= GOAL OF THE EXERCISE =
Your output should be exactly the lines from the one containing "順達(dá)公司出租車業(y" through the final line of the following data, please, with no pictures.

** Opening THE INPUT block **

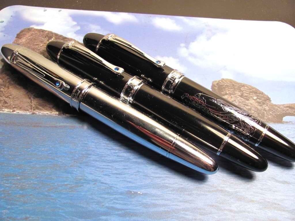 Сидя долгими вечерами у компьютера,задался целью - с помощью интернета подыскать ручки в качестве подарков для приобщения друзей и родственников к письму пером.Учитывая отсутствие выбора хороших и недорогих ручек на местном рынке(нет,у нас ,конечно,Паркер с Ватерманом можно встретить на каждом углу, да и Монтблан с Монтеграппой дилером представлен,даже лимитированные серии есть - но это далеко не дешёвые ручки), я обратил своё внимание на бюджетные модели,коих в мире предостаточно.Выбор пал на ручки марки "Bulow" (Бюлов).Несмотря на то,что это немецкий бренд,ручки производятся в Китае,под неусыпным контролем европейских специалистов (?) - я слабо в это верю,ИМХО...Итак,первая серия из 3-х ручек - это X530.Разница между ручками в покрытии и цвете корпуса.Сразу оговорюсь - аналогичная серия Х530 есть и у китайской Jinhao,причём они настолько похожи,что сразу и не отличить.Для сравнения я выкладываю фото 2-х Бюлов и Конфуция от Jinhao...
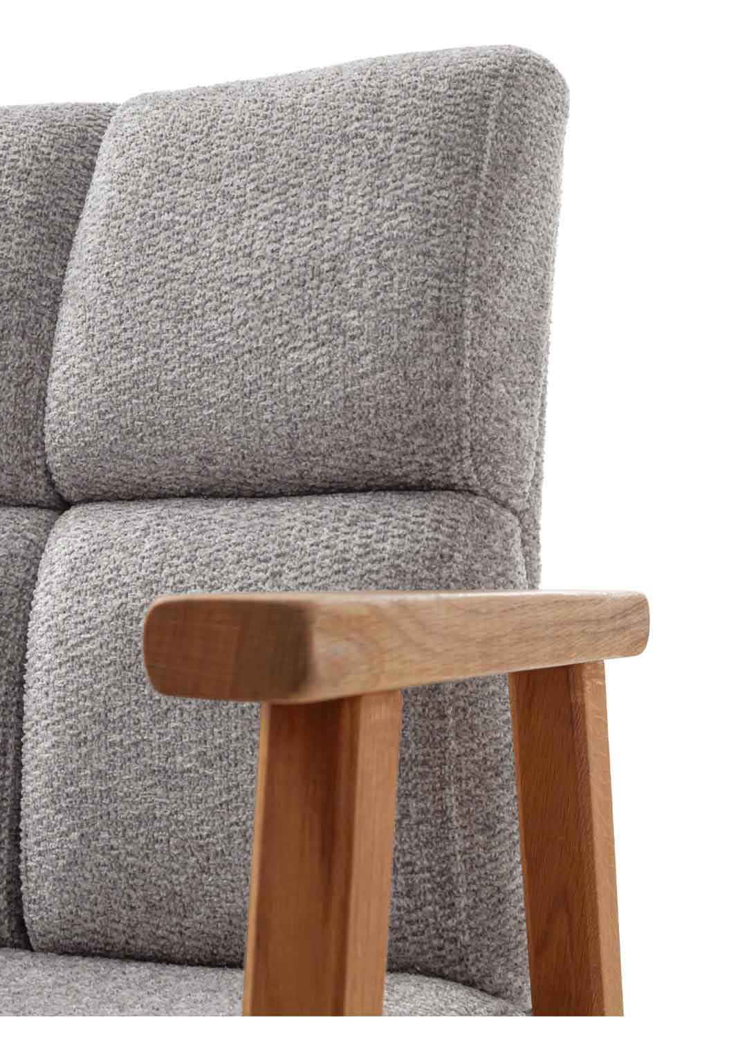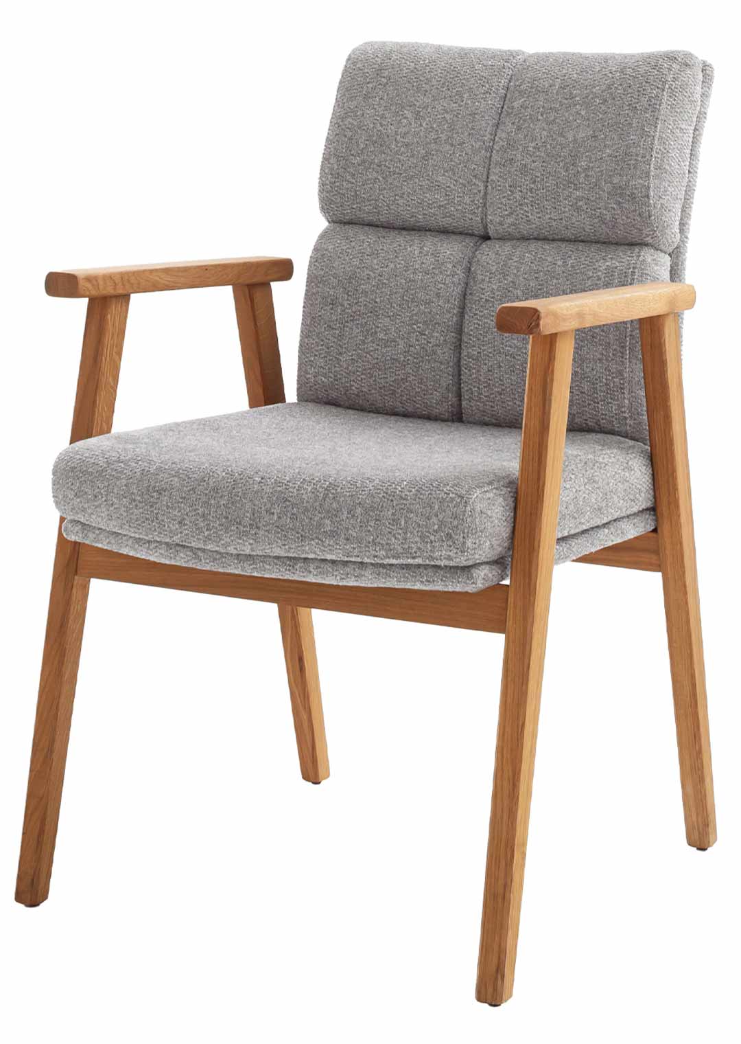 Polsterstuhl mit Armlehnen grau - Wildeiche massiv geölt - LAURENA
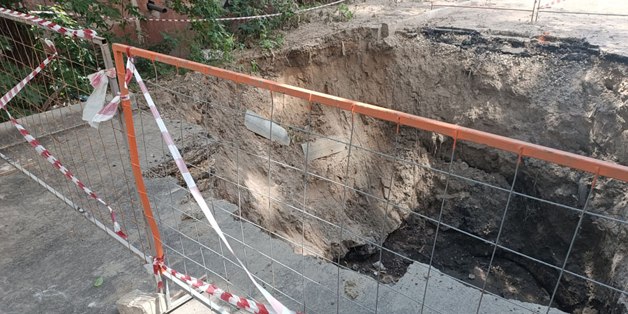 Ко всему прочему, во дворе не соблюдался порядок очередности работ, в результате чего свежеуложенное асфальтобетонное покрытие подверглось вскрытию ресурсоснабжающей организацией. В глубоком котловане валяется новый бортовой камень, который не удосужились бережно демонтировать во время проведения земляных работ.
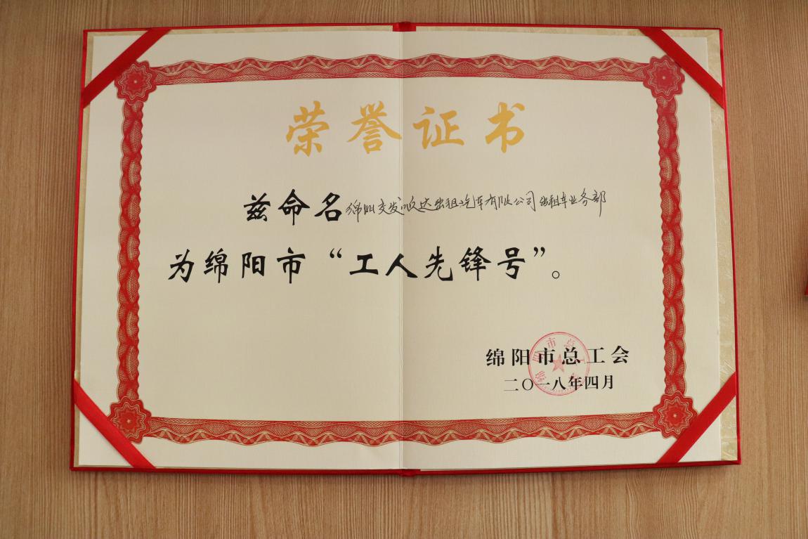 順達(dá)公司出租車業(yè)務(wù)部獲“綿陽市工人先鋒號”榮譽(yù)稱號
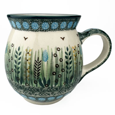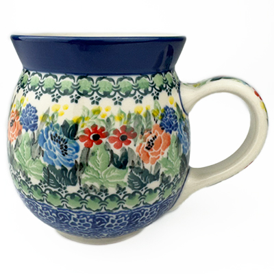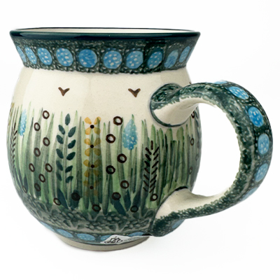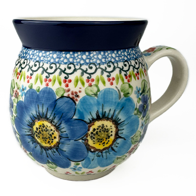 This 14 oz mug beautifully holds your morning cup of Joe. Hand painted by a master artist at Ceramika Artystyczna. Oven, microwave and dishwasher safe.
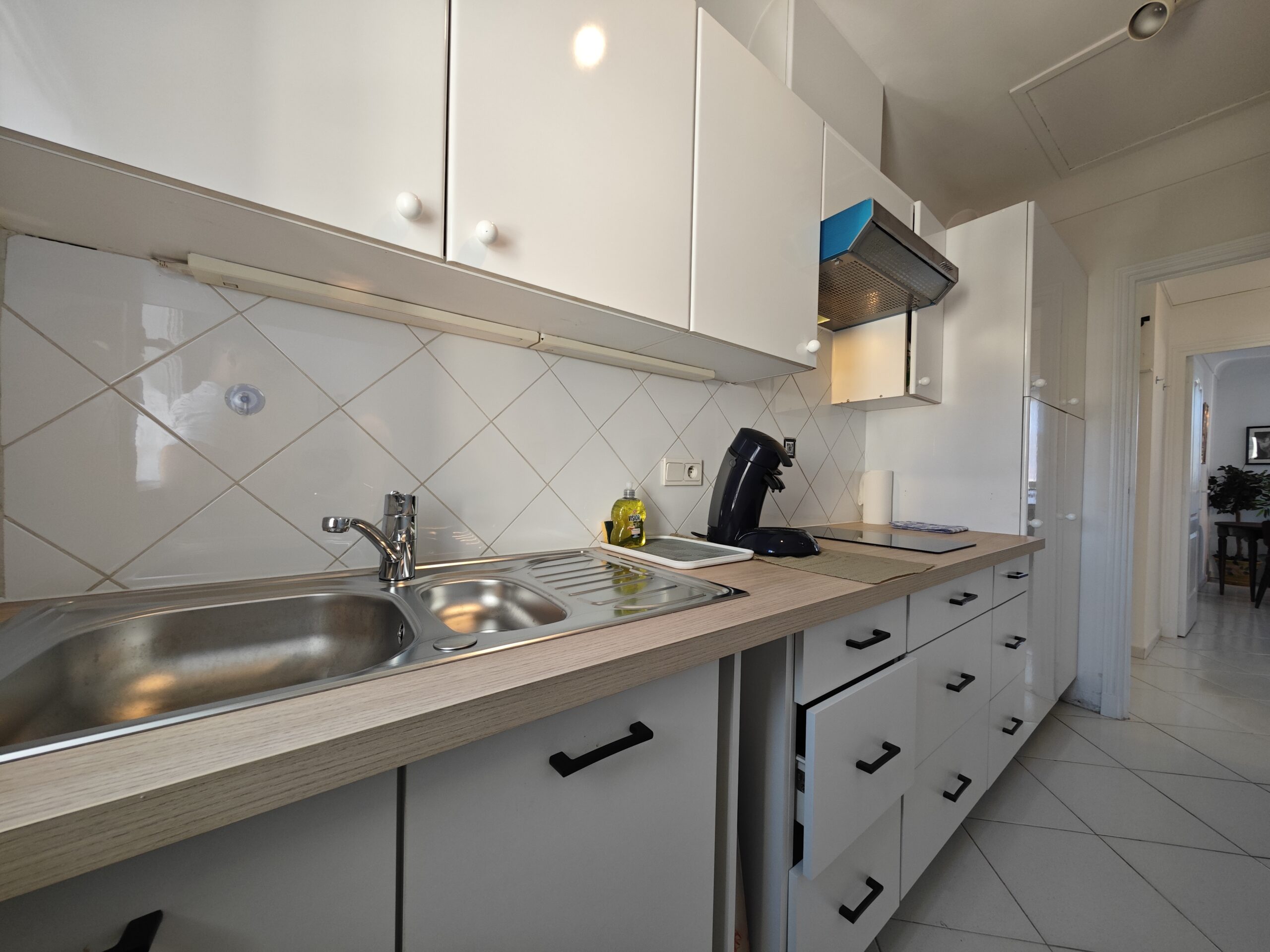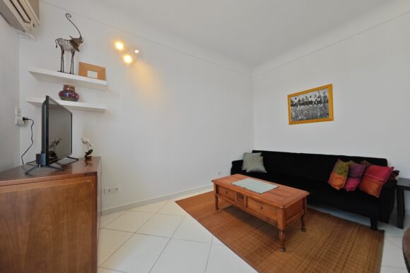 L’appartement dispose d’un accès internet, d’une télévision et de l’air conditionné. La chambre est équipée de deux lits simples. Dans le salon un canapé-lit peut accueillir 2 personnes. Dans la cuisine vous trouverez ces équipements :
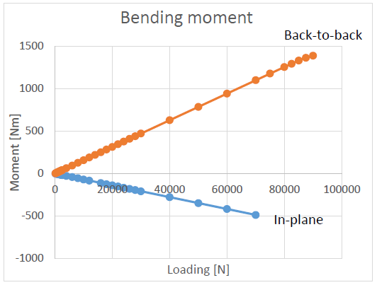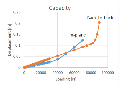 In the capacity chart, the displacement of the in-plane and back-to-back webs is displayed in respect of the loading. In the beginning of the test displacement of both webs is increasing linearly. The maximum capacity of the web can be considered to the point where displacement diverges from the linear behavior. According to the ANSYS tests the back-to-back web has greater capacity although the bending moment stress is also greater. That is explained by the direction of the bending.

** Closing THE INPUT block **

= REPLY TO THE EXERCISE =
 順達(dá)公司出租車業(yè)務(wù)部獲“綿陽市工人先鋒號”榮譽(yù)稱號
 This 14 oz mug beautifully holds your morning cup of Joe. Hand painted by a master artist at Ceramika Artystyczna. Oven, microwave and dishwasher safe.
 L’appartement dispose d’un accès internet, d’une télévision et de l’air conditionné. La chambre est équipée de deux lits simples. Dans le salon un canapé-lit peut accueillir 2 personnes. Dans la cuisine vous trouverez ces équipements :
 In the capacity chart, the displacement of the in-plane and back-to-back webs is displayed in respect of the loading. In the beginning of the test displacement of both webs is increasing linearly. The maximum capacity of the web can be considered to the point where displacement diverges from the linear behavior. According to the ANSYS tests the back-to-back web has greater capacity although the bending moment stress is also greater. That is explained by the direction of the bending.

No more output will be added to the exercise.